RCL’s third claim alleges that First Transit, the winning bidder, had an “organizational conflict of interest” that rendered the entire process void. Under federal law, an organizational conflict of interest exists when, “because of other activities or relationships with other persons, a person is unable or potentially unable to render impartial assistance or advice to the Government, or the person’s objectivity in performing the contract work is or might be otherwise impaired, or a person has an unfair competitive advantage.” 48 C.F.R. § 2.101 (2014). The FTA Guidance, which the City incorporated by reference in the RFP, states that an organizational conflict of interest can arise when a bidding contractor: (1) is unable to provide impartial or objective assistance to the agency; (2) has unequal access to nonpublic information; or (3) has been allowed to establish biased ground rules. See FTA Guidance, supra, at VI-5. The FTA Guidance required the City to identify and evaluate potential organizational conflicts of interest, and to take steps to avoid or mitigate them.

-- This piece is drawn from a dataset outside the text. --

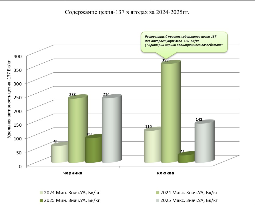 Содержание цезия-137 (среднее, максимальное) в лесной продукции в течение последних 3-х лет(2023-2025 г.)

FTA Guidance, supra, at VI-5-VT-6.

The basis for RCL’s claim that an inadequately mitigated organizational conflict of interest existed is a conversation in which a City employee told First Transit’s general manager that RCL’s operations manager, Randy Huston, was “someone who [the City] like[d] ... [,] someone who kn[ew] the operation.” RCL argues that the City gave First Transit an “unfair competitive advantage” by revealing proprietary information.

To establish an organizational conflict of interest under the second category of the FTA Guidance, a contractor must show not only that another contractor “has an unfair competitive advantage,” but also that the contractor gained such an advantage “through obtaining access to nonpublic information during the performance of an earlier contract.” FTA Guidance, supra, at VI-5; see Jacobs Tech., Inc. v. United States, 100 Fed.Cl. 198, 210 (2011). Here, it is undisputed that First Transit has never had, much less performed, another contract with the City, so RCL’s unequal-access claim cannot give rise to an organizational conflict of interest.

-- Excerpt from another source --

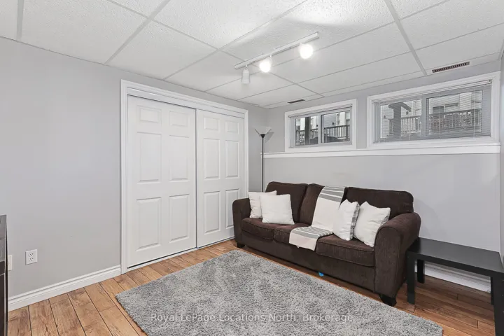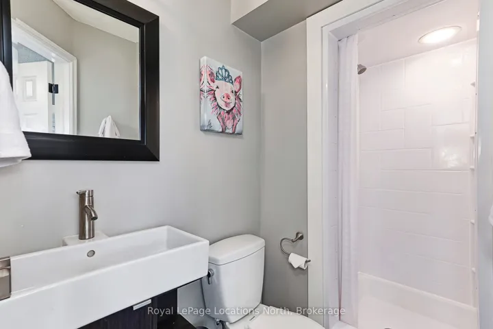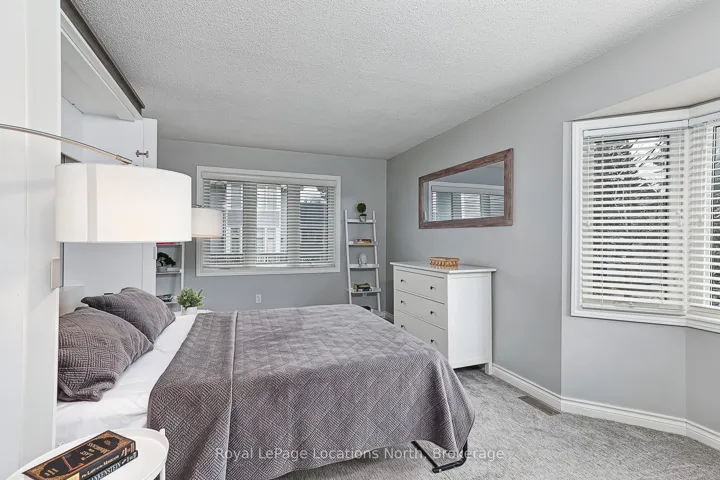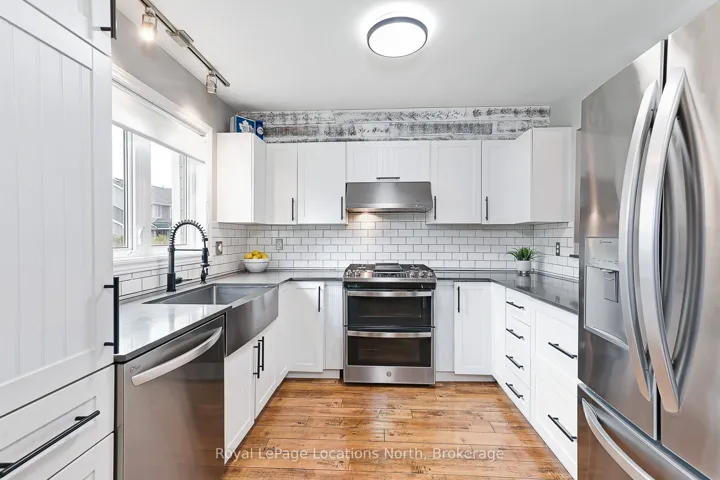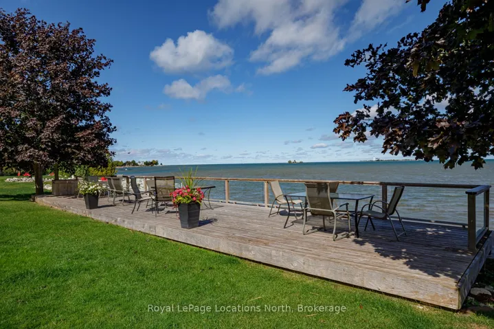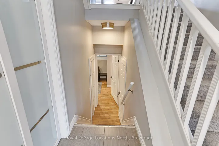 Stunning Waterfront Executive Townhome in Dockside Village, a premium waterfront community on Georgian Bay in Collingwood. This private enclave of 3-storey townhomes sits on nearly 6 acres w only 63 units, offering a maintenance-free lifestyle w 460 ft of shoreline, private beach area, & stunning Bay views. Offered turn-key, this renovated rare end-unit is one of the largest floorplans, w over 2,400 SF across 3 levels + a finished lower level. It features 4-5 bedrooms (including two primary suites-one conveniently on the main level w few stairs required) and 4 full bathrooms + a sauna. Only a handful of true 4+ bedroom units exist here. The bright open-concept main floor boasts 10+ ft vaulted ceilings, a sunken living room w wood-burning fireplace, separate dining area, & a fully renovated kitchen with quartz countertops, upgraded cabinets, stainless appliances, and farm style sink. Multiple walkouts lead to a large cedar deck w water views, covered balcony, & patio walkout. Hardwood flooring throughout much of the home. The finished lower level inc’s a versatile 5th bedroom/den (ideal for guests, gym or office), powder room w shower & sauna, laundry, storage and 9-ft ceilings w pot lights. Recent fully-paid exterior renovations inc new roofs, siding doors, garage doors, decks, balconies, driveways & landscaping. Insulated single-car garage w direct interior entry. Enjoy shared amenities: saltwater pool, tennis/pickleball courts, communal waterfront deck, watercraft launch & natural beach area.This 4-season entertainer’s dream is perfect for families & guests. Just 10 minutes to Blue Mountain skiing, golf, marinas, trails & boating. Downtown Collingwood is minutes away for dining, shopping, cafes, arts, vineyards, and breweries. Move-in ready, just bring your toothbrush! Ideal full-time home, weekend chalet, or income-generating rental w proven success. Combines modern upgrades, breathtaking views & outstanding amenities for the ultimate Collingwood/Blue lifestyle.

First Transit also did not have impaired objectivity, because there is no evidence that it assisted the City in evaluating itself or its competitors. Vantage Assocs.,' Inc. v. United States, 59 Fed.Cl. 1, 10 (2003). Nor did First Transit create biased ground rules, because it did not assist the City in setting the terms of the RFP. Id. Moreover, even if there were evidence of a conflict, there is certainly nothing to indicate that such a conflict was “so pervasive” that it would require the invalidation of the entire bidding process. See PAI Corp. v. United States, 614 F.3d 1347, 1351 (Fed. Cir.2010). In sum, nothing in the record shows, either directly or by implication, that First Transit’s activities or relation*664ships resulted in an organizational conflict of interest.

D.

RCL’s final, “catch all” claim is that numerous irregularities in the bidding process suggest that the City’s decision to award the bus-service contract to First Transit was arbitrary, capricious, or unreasonable under Griswold.3 Because the district court granted summary judgment to the City and First Transit on RCL’s claims, the question before us is not whether RCL will eventually prevail at trial, but whether genuine issues of material fact exist and the district court correctly applied the Griswold standard. DLH, Inc. v. Russ, 566 N.W.2d 60, 70 (Minn.1997) (“The district court’s function on a motion for summary judgment is not to decide issues of fact, but solely to determine whether genuine factual issues exist.”).

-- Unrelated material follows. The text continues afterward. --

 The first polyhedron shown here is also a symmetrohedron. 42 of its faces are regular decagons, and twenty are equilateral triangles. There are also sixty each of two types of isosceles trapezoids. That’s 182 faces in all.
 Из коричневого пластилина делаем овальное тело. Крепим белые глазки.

Based on Griswold, we must determine whether the evidence regarding alleged procedural irregularities, viewed in the light most favorable to RCL, would permit a fact-finder to reasonably conclude that the City’s decision to award the contract to First Transit was arbitrary, capricious, or unreasonable. See 242 Minn. at 535, 65 N.W.2d at 652. For at least two reasons, RCL has presented sufficient evidence to create a genuine issue of material fact on the question of whether the City awarded the contract to First Transit based on an unfair and biased process.

First, the record contains evidence that the interview process involved inconsistencies that might demonstrate favoritism toward First Transit. When First Transit submitted its bid, it listed two of RCL’s managers as among the personnel who would manage the bus system if it received the contract from the City. First Transit’s bid appears to have been consistent with the City’s requirement that each of the bidders make a good-faith effort to hire RCL employees if selected. However, as part of the selection process, the City also asked bidders to have their key managers attend an interview with the City’s evaluation committee. First Transit was the only bidder among the four that received permission from the City to substitute other employees for the managers it listed in its bid to represent it at the interview with the committee. Then, rather than basing its interview scores only on the personnel who actually attended the interview on behalf of each bidder, the. committee awarded points to both RCL and First Transit based on the performance of the two RCL managers during RCL’s interview. The City never informed the other bidders that it had allowed First Transit to list RCL’s managers in its bid, to bring substitute personnel to its interview, or that it had awarded points to First Transit based on the performance of RCL’s managers during RCL’s interview. Based on this evidence, RCL argues that the City violated the terms of the RFP and showed favoritism toward First Transit.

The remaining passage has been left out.